If a tax base election is not made, the premium-written basis is the default.
These premiums will not necessarily match the premiums shown in Section I, because they are based on the premium and tax reporting method chosen in Section II.
The term "premium" includes all premiums, premium deposits, membership fees, registration fees, assessments, dues and any other consideration received for surplus lines insurance.
Texas premiums include premiums written or received for new or renewal Texas or multi-state policies when Texas is the home state of the insured.
Endorsements and audits on surplus lines insurance policies, whether generating additional premium or resulting in a return of premium, must be reported for the tax year in which the endorsement or audit occurs. Do not report these transactions for the tax year in which the original policy was reported. The tax for endorsements and audits that generate return premiums due a policyholder must be calculated using the tax rate that was originally charged.
Exempt premiums are premiums for a surplus lines policy that covers risks or exposures that are properly allocated to federal waters, international waters, or risks or exposures that are under the jurisdiction of a foreign government. Effective Jan. 1, 2014, premiums on risks or exposures under ocean marine insurance coverage of stored or in-transit baled cotton for export are exempt from surplus lines premium tax.

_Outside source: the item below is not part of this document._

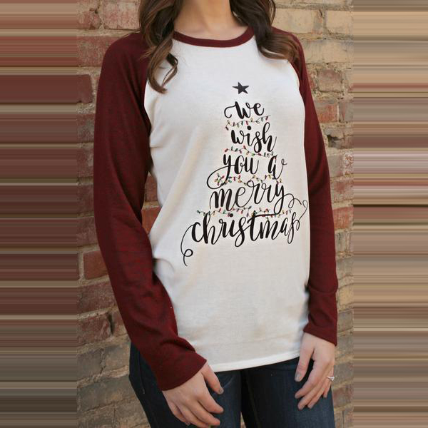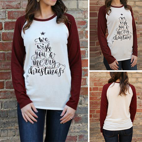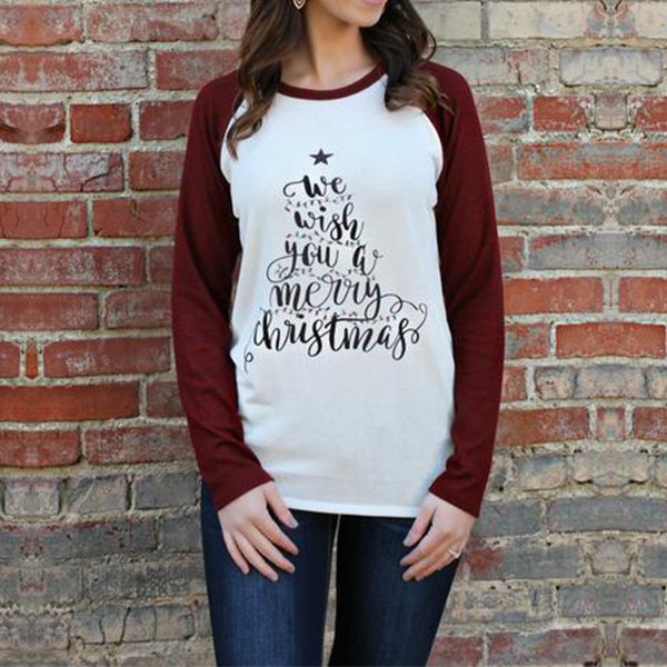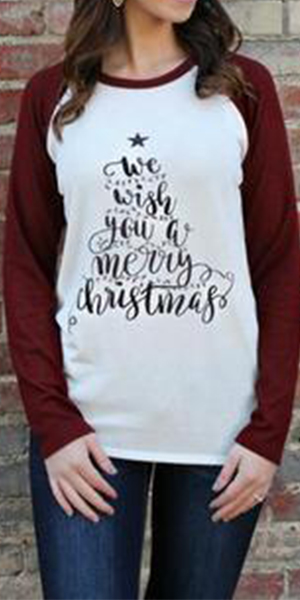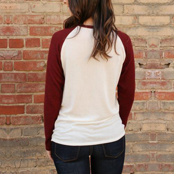 Fashion Contrast Color Long Sleeve Round Neck Letters Printed T-shirt

Federal preemptions to state taxation for surplus lines insurance include premiums for policies issued to the following entities: the Federal Deposit Insurance Corporation (FDIC), when it acts as the receiver of a failed financial institution that holds the property being insured; the National Credit Union Administration; a federally chartered credit union; and Indian Tribal Nations. Refer to Publication 94-142 (PDF).
Texas returned premiums - Report the unearned portion of the premium credited or refunded to a policyholder as a result of cancellation or premium adjustment prior to the policy expiration. An agent reporting on the premium received basis will not have returned premiums.
Purchasing groups obtaining coverage from insurers licensed in Texas or surplus lines agents licensed in Texas do NOT owe tax on this report, but must file a zero report.
Purchasing groups obtaining coverage independently through negotiations and procurement occurring outside Texas are subject to tax on the premiums paid for coverage of their members located in Texas.